Was thinking about using bathroom/kitchen paint as its usually wipe clean, maybe even a varnish over also.

Is it worth sealing the edges around the bottom few inches at least with sillicone or aquarium sillicone? Which is best?

Finally how many vents would be reccomended? Which type work best?

Think she's seen the new viv under constuction, she's climing the glass, seems very interested in it! lol


----------



## keviin2k9 (Aug 5, 2009)

hey dartfrog sell cheap glass runners on there site


----------



## chris2504 (Mar 13, 2010)

Thanks, will have a look


----------



## lee young (Oct 14, 2009)

I'd give it a quick coat of PVA/water to prime it for painting, then use acryllics to paint it. As its for a beardy it doesn't NEED to be sealed, but I find it makes cleaning out a whole lot easier. Trying to clean beardy poo off paint is tricky, so i'd advise varnishing it, or at least the floor. Any low VOC varnish is fine, just make sure its completely cured and odourless before he moves in. B&Q own brand matt floor varnish is good stuff


----------



## chris2504 (Mar 13, 2010)

*Quick update*

Viv is all fixed together now, just need to finish priming it, few coats of paint then some varnish.

Made a start on the fake rock, would be good to get some feedback!

The mess made in the process...




 

And how the fake rock is looking inside the viv...


----------



## chris2504 (Mar 13, 2010)

Theres been a few more layers of grout on the 'rocks' and the vivs had a few coats of paint so getting there slowly but surely...

Have recieved the vents but before I start boaring holes into my labour of love (and sometimes hate :bash i'd like some opinions on how many vents will be sufficient in 5ft viv for beardies pleasee 

Finally bit of advice on the heating would be very useful also... We have a 100w ceramic heat emitter. Would it be best to just get a higher wattage? or get a spotlight and dimming habistat (or equivilent)

Thanks, Chris


----------



## Pendragon (Dec 8, 2008)

Hi mate,

Looking good so far : victory:

I would go with 5 vents along the top, and two at the botom, one each corner.

I would deff go with a spotlight for a Beardie as they like light...Lots of light...: victory: How tall is the viv, if its 24" or over, have you thought of a mercury vapour bulb, or better still a metal halide?


Jay


----------



## chris2504 (Mar 13, 2010)

Cheers,

I've got 6 so could do 4 along top and one in each bottom corner. I hadn't thought of doing it like that.

Viv is just under 21" tall from the outside so maybe just the ceramic and spot? Or spot for day ceramic for night? What wattage spot and ceramic would be needed for 5ft?

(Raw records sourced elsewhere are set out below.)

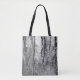 This tote bag presents tree reflections which create a shimmering abstract pattern on the pond in tones of black, white, silver and grey.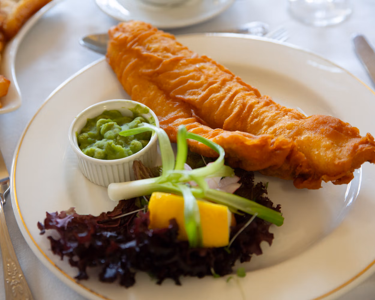Lisa and Oliver wandered from table to table, greeting guests properly, pausing for conversations and laughter before the main meal arrived. When it did, it couldn’t have felt more fitting — fish and chips served with lemon wedges, salad, and, of course, mushy peas. Familiar, comforting, and exactly right.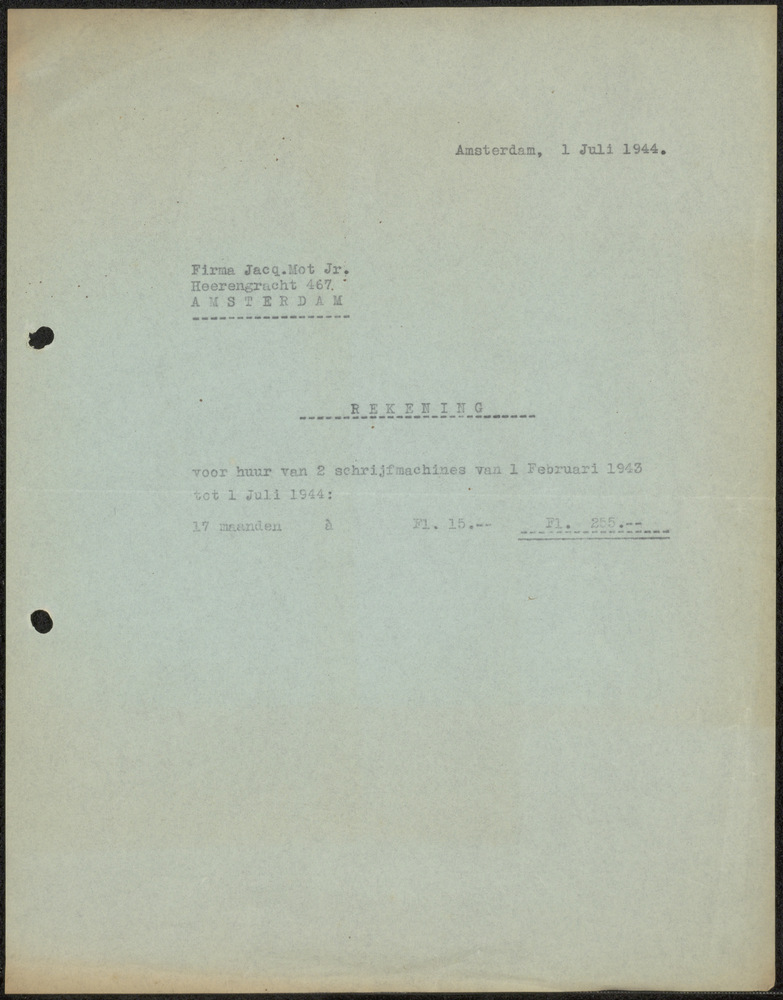 Nota van Firma Jacq Mot Jr. 1 juli 1944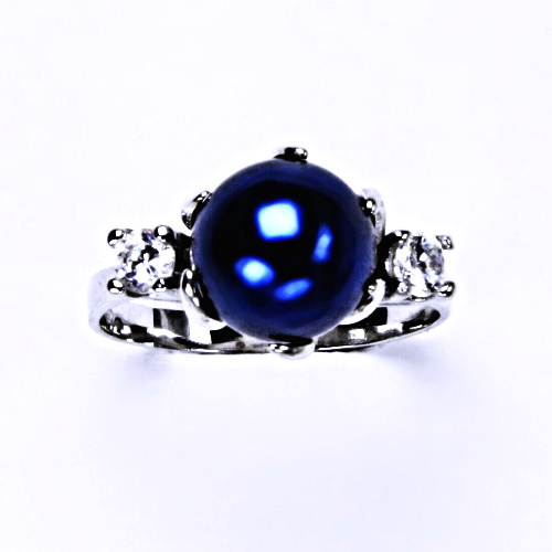Stříbrný prsten s umělou perlou tm. modrá 10 mm T 1190 poslední kusy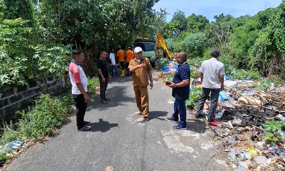 Kepala DLH Aceh Besar Muwardi SH memantau langsung tim DLH mengangkut sampah-sampah yang menumpuk di gampong Monikeun, kecamatan Lhoknga. Selasa 23 September 2025. [Foto Dok: MC Aceh Besar/rahasiaumum.com].
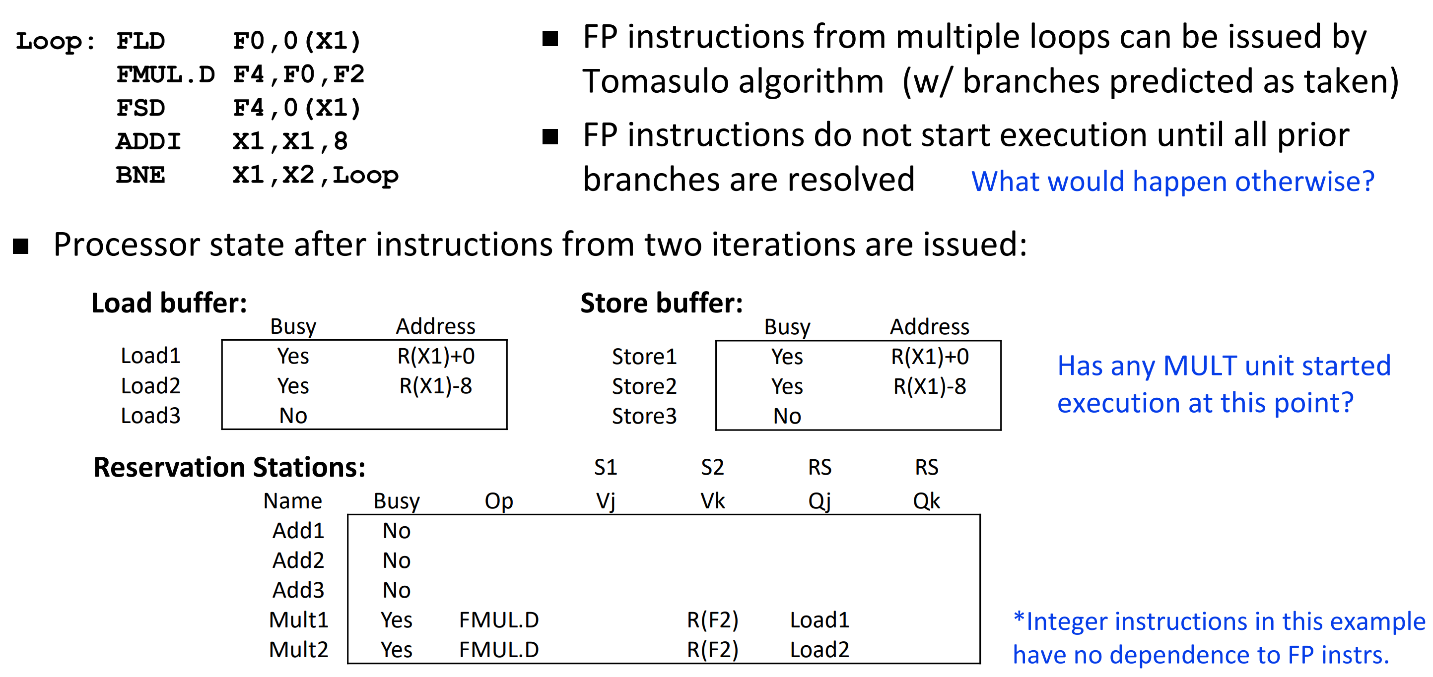 Tomaslo Algorithm은 Branch Prediction을 할 수 있고, Speculative exection이 가능하다. 하지만 Integer instruction들은 in-order로 실행되며, Branch prediction이 Correct인지 확인하지 전까지 FP Operation들은 실행할 수 없다.

Also what is the general opinion on uv? Would a 48" 10 or 12% tube be sufficient diagonaly accross the roof or would it be best along the back as clost to 'rocks' as possible? I know they are quite hot to touch but does this pose a burn risk to beardie and need to be out of reach?

Thanks Chris


----------



## Pendragon (Dec 8, 2008)

I use a 40watt spot in the summer and a 60watt in the winter for my 48"x21" viv, so I would say a 80/100watt would do it : victory:

I would go with a 36" Zoo Med 10% or Arcadia 12% tube fitted with a reflector, place it over the highest point on your rock background, you want the beardie to be able to get to within 2" of the tube, so you might need to put it on the back wall. However, if you want it on the ceiling, then you could run 2 tubes side by side, this will give you a 4" range : victory:

Your Beardies wont burn if they touch it, my chap used to sleep on his. 

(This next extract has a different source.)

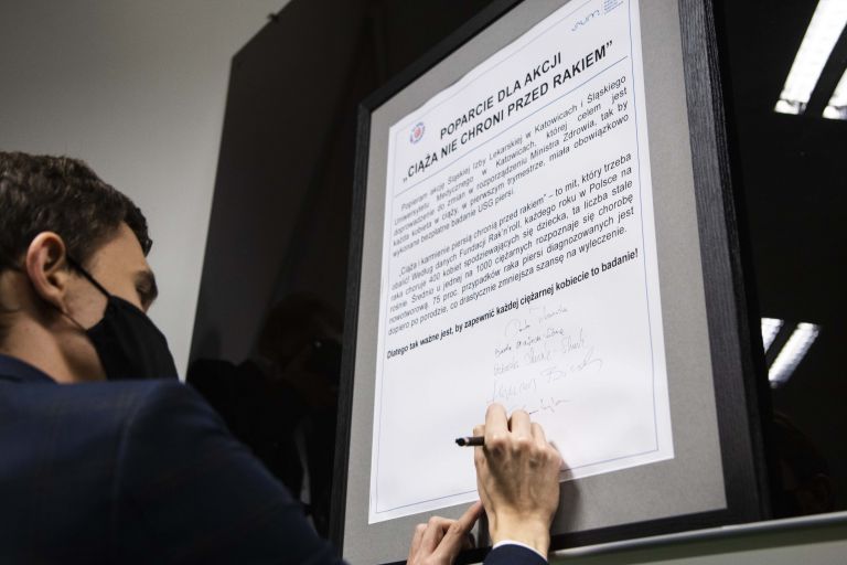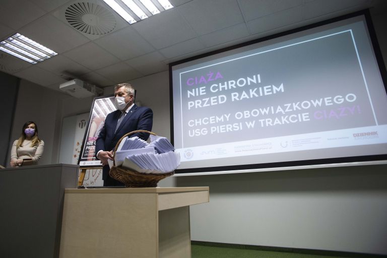 Dzień Kobiet 2021 roku chcemy podkreślić specjalną inicjatywą, której celem jest ochrona kobiet w ciąży przed nowotworem piersi. Dlatego zwracamy się do Polskich Parlamentarzystów, wszystkich opcji, z prośbą o wsparcie akcji „Ciąża nie chroni przed rakiem”. Intencją naszych wspólnych działań jest doprowadzenie do zmian w rozporządzeniu Ministra Zdrowia, tak by każda ciężarna, w pierwszym trymestrze, miała obowiązkowo wykonane bezpłatne badanie USG piersi.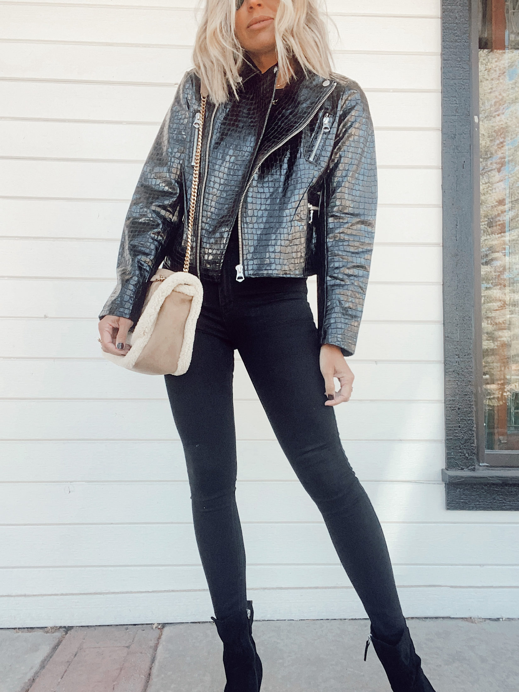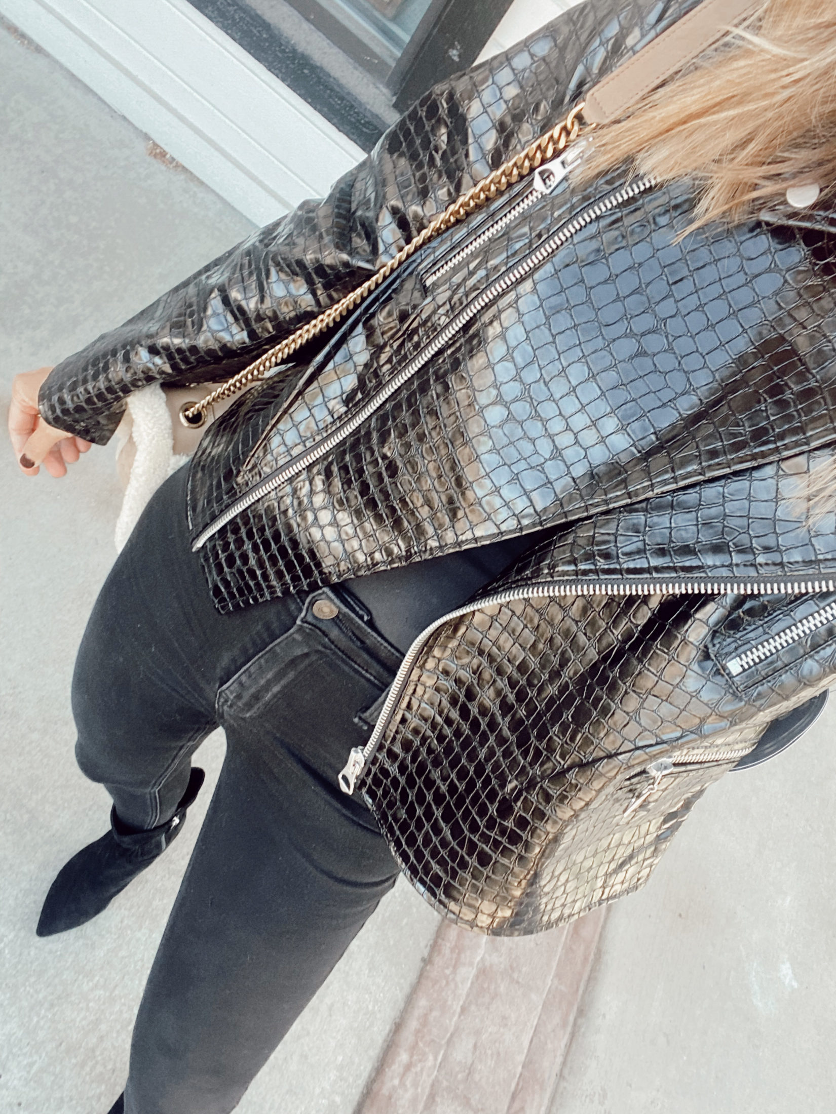 This jacket! I’m obsessed. It looks very designer but the good news is that it’s only $40! It’s so cute with jeans, but you could throw it on over a dress too. It’s the perfect piece to elevate an outfit, especially for date night. So fun! This all black look can be pulled together with other similar pieces from Walmart too.

I would also fit a 2% 2.0 natural sunlight tube aswell, if it was my viv : victory: 

Jay


----------



## chris2504 (Mar 13, 2010)

*Near enough finished*

Well, lots of work gone into it but everythings just about finished. Have 12% arcadia tube aswell as a 2% tube.

Feedback welcome! 











Chris


----------



## kevtore999 (Dec 24, 2008)

chris2504 said:


> Well, lots of work gone into it but everythings just about finished. Have 12% arcadia tube aswell as a 2% tube.
> 
> Feedback welcome!
> 
> ...


 
Nice looking Viv Mate well done, I'm in the process of building a Viv stack again out of Mdf. I've got 24 eggs on the way (Beardie Eggs). I'm using Arcadia 12% uvb's and a double Starter..
Glass runners will work on anything over 15mm from my experiance...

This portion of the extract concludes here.